Ross Amos Hull (c. 1902 – 14 September 1938) was an Australian–American radio engineer and experimenter who was for a time editor of the Australian Wireless Weekly and the ARRL magazine QST.

==Early life==
Ross Hull was born in St Arnaud, Victoria, a son of (Presbyterian) Rev. Henry Tremlett Hull (1858 - 1 January 1933) and his wife Mabel Constance Josephine Hull (née Amos) (c. 1866 - 13 July 1931), and was educated at Williamstown High School and Ballarat College.

==Career==
He trained as an architect, but had a keen interest in the rapidly developing field of wireless communication. He took a leading part in experiments which demonstrated the value of shorter wavelengths for commercial communication. He was first in Australia to relay (receive and rebroadcast) an overseas wireless programme, through 3LO shortly after it was opened. He was vice president of the Victorian Division of the Wireless Institute of Australia in 1923.

In 1925 Hull abandoned architecture and began practising in Sydney as a consulting radio engineer. He was elected Federal Secretary of the Wireless Institute and the Australian Radio Relay League. He was a key figure in ground-breaking communication experiments between the U.S. and Australia. In 1927 he went to the United States, to work with the headquarters staff of the American Radio Relay League on the production of the league's magazine QST, then director of the ARRL Experimental Laboratory.

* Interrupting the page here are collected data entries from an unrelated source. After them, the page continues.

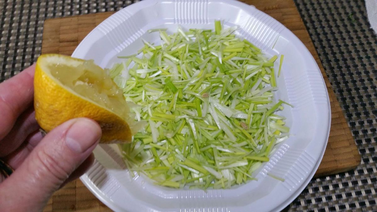 1 - Eplucher les gambas cuites, les découper en petits morceaux. Oter les tiges du bouquet de coriandre et ciseler. Emincer finement le blanc de poireau, citronner avec le jus d'un demi citron, rajouter une bonne cuil. à soupe de sauce soja et 2 à 3 pincées de graines de pavot. Réserver et laisser macérer.
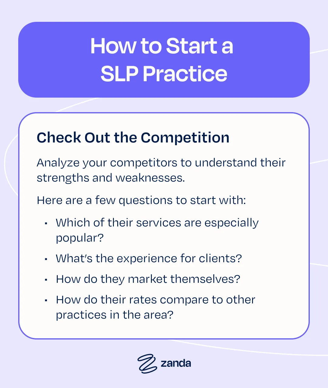 What sets your practice apart? Whether you specialize in pediatric therapy, working with stroke patients, or focusing on voice disorders, identify something unique about what your practice will offer.
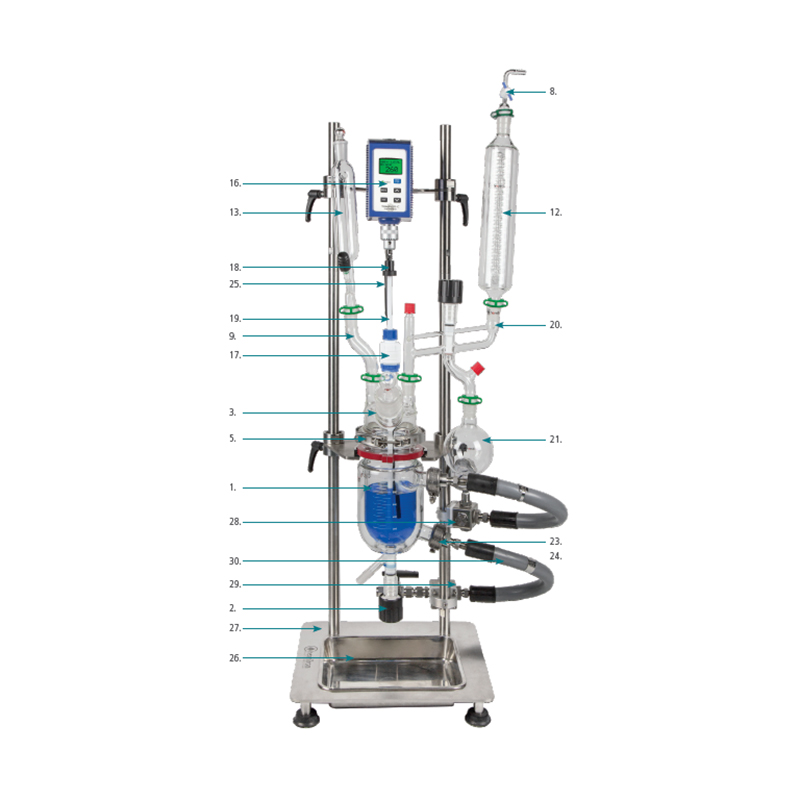 新型桌上式玻璃反应系统,套装包含: 玻璃单元,搅拌单元和整体支架。
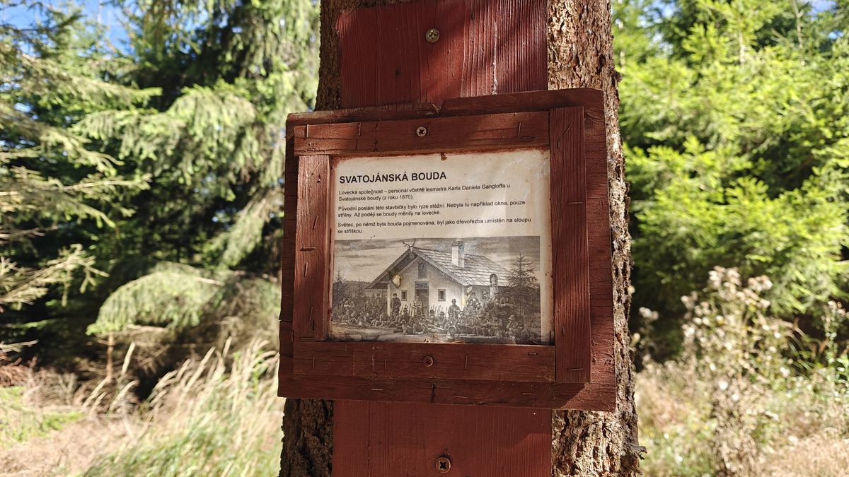 Asi jste tušili správně. Dnešní článek bude o bývalé boudě U sv. Jana, kterou najdete na stejně pojmenovaném rozcestí. Z kdysi dávno krásné boudy jsou dnes patrné sotva viditelné základy jedné z několika zdí, kterých si s nejvyšší pravděpodobností všimnete až tehdy, když vás zaujme svatý obrázek s vyobrazením svatého Jana Nepomuckého.
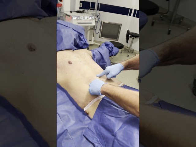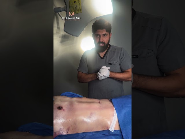 إزالة الدهون الزائدة ومعالجة التثدي، مع إبراز عضلات البطن بوضوح
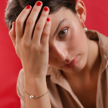 Brazalete en acero dorado, 8mm perla redonda blanca. Su diseño aporta aire fresco y versátil, permitiendo expresar tu estilo personal para cualquier ocasión.
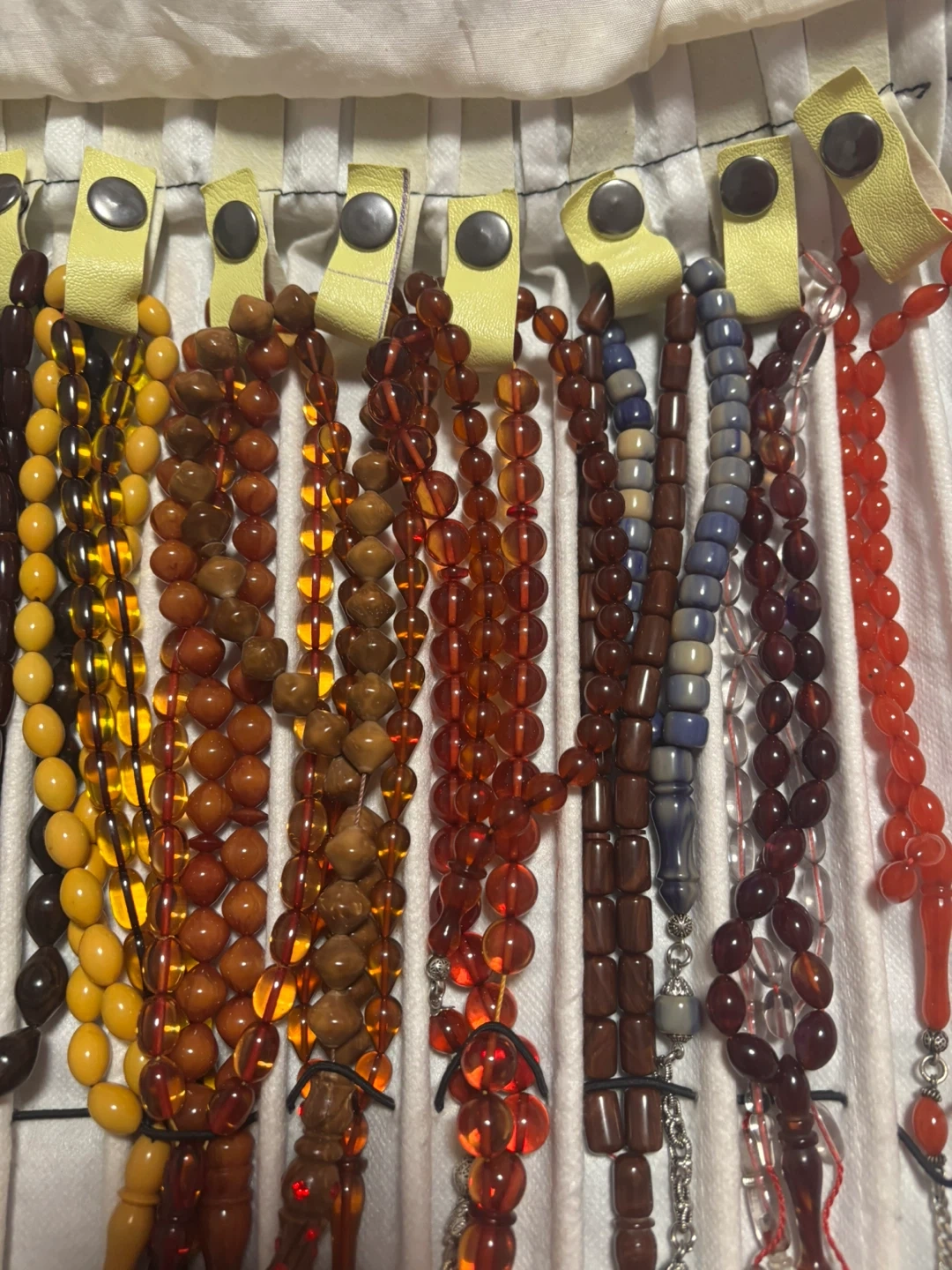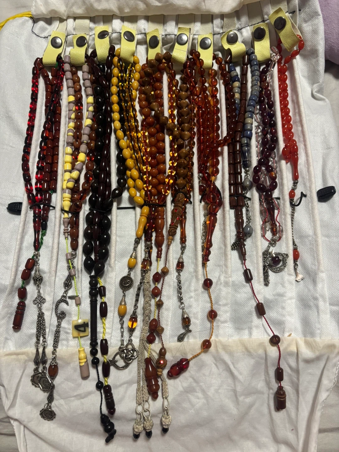 A collection of assorted prayer beads. These beads are made from various materials including amber, wood, and stone. Each strand has unique bead shapes and decorative tassels or metal charms. They're suitable for personal use or as a decorative item.
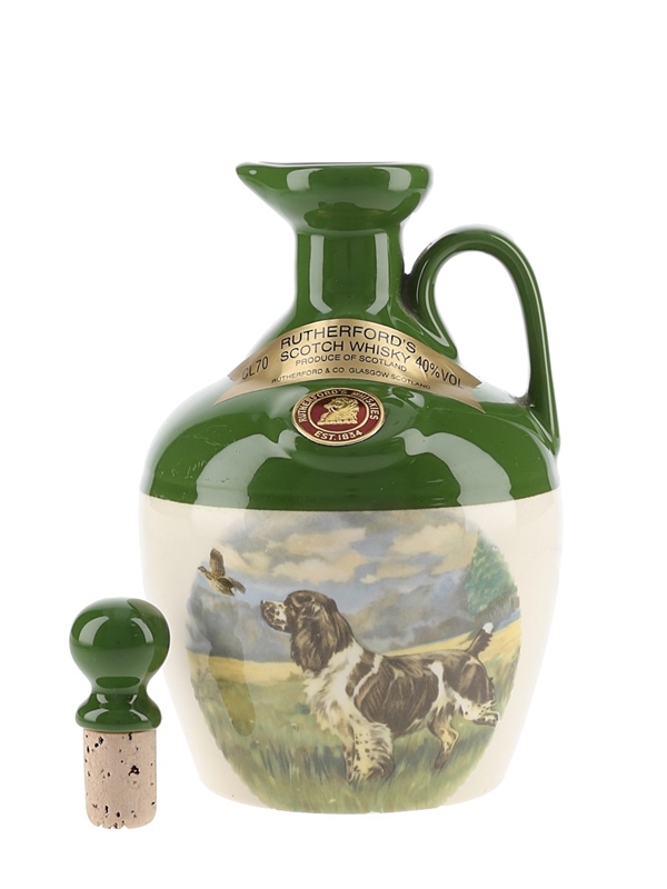 A bottle of Rutherford's blended Scotch whisky in a ceramic decanter featuring a hunting dog produced by Montrose Pottery, we estimate in the 1980s.
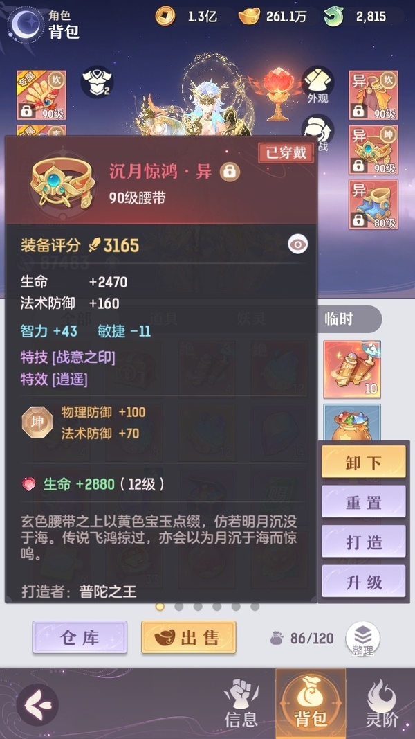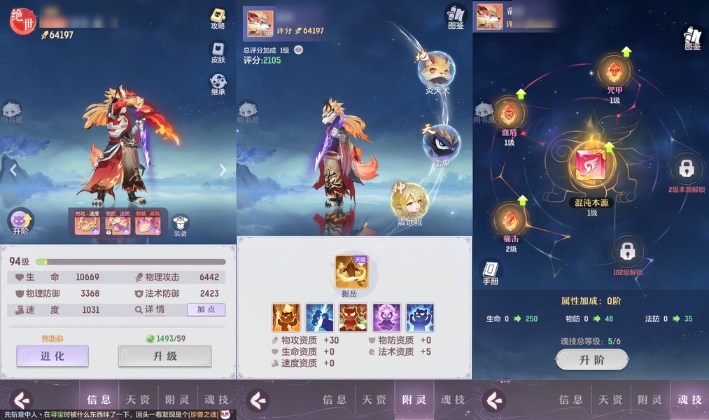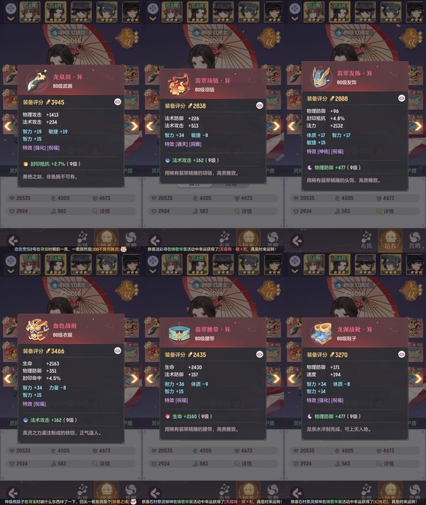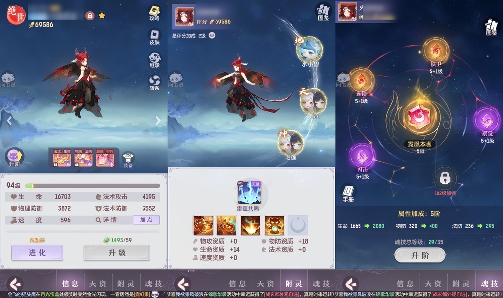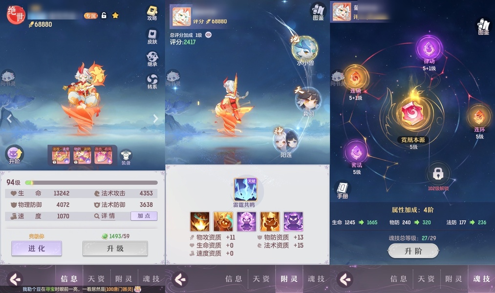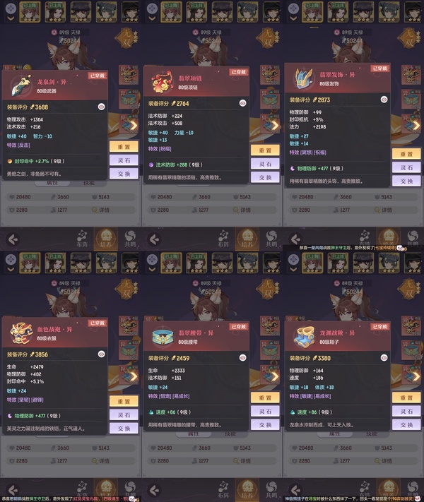 颜值:19260 | 等级:89 | 龙宫 | 神兽数:5 | 法宝颜色统计:10红0蓝 | 总评分:393982 | 角色评分:87483 | 妖灵评分:206189 | 灵师评分:100310 | 倾天三 | 淬金曜蚀,织梦星海,乘波踏浪,山君现,清寒羽冽,灵鸢一梦,墨染尘烟,星河揽月,离火苍龙,九春韶华,火树银花,哈?我当武器?,碎梦语情,炙烤大串,一刹雷鸣 | 蝶恋芳菲,火神·赤曦 | 祥云,蟹有钳,钱多多,灵华引,星昀渡,比翼同舆,万海真君,罗帷七香车,飞起来·壹号,负山海,跃龙门,鸭与云游,喵小萌,飞天笔,飞龙在天,红莲·出尘,兔球,风火乾坤,大荒之主,海月璃梦,贯日神君,焚天火凤,花将军,招财进喵,初弦瑶桂,乘风入梦,狐心入梦,风驰电掣,踏火焚夜,凤蝶·梦浮生 | 【买号找回永久包赔】

Hull returned to Australia in 1929, to take up the post of technical editor of Wireless Weekly in Sydney. A year or two later he resumed his experimental and journalism work with ARRL at Hartford, Connecticut. He was particularly interested in UHF communication and built a radio-controlled glider. Early in 1938 he assumed American nationality and was appointed editor of QST. For over six months he was actively engaged in experiments in television, then was killed when he accidentally received a shock of 6,000 volts while experimenting with television apparatus in the laboratory of his summer residence at Vernon, Connecticut.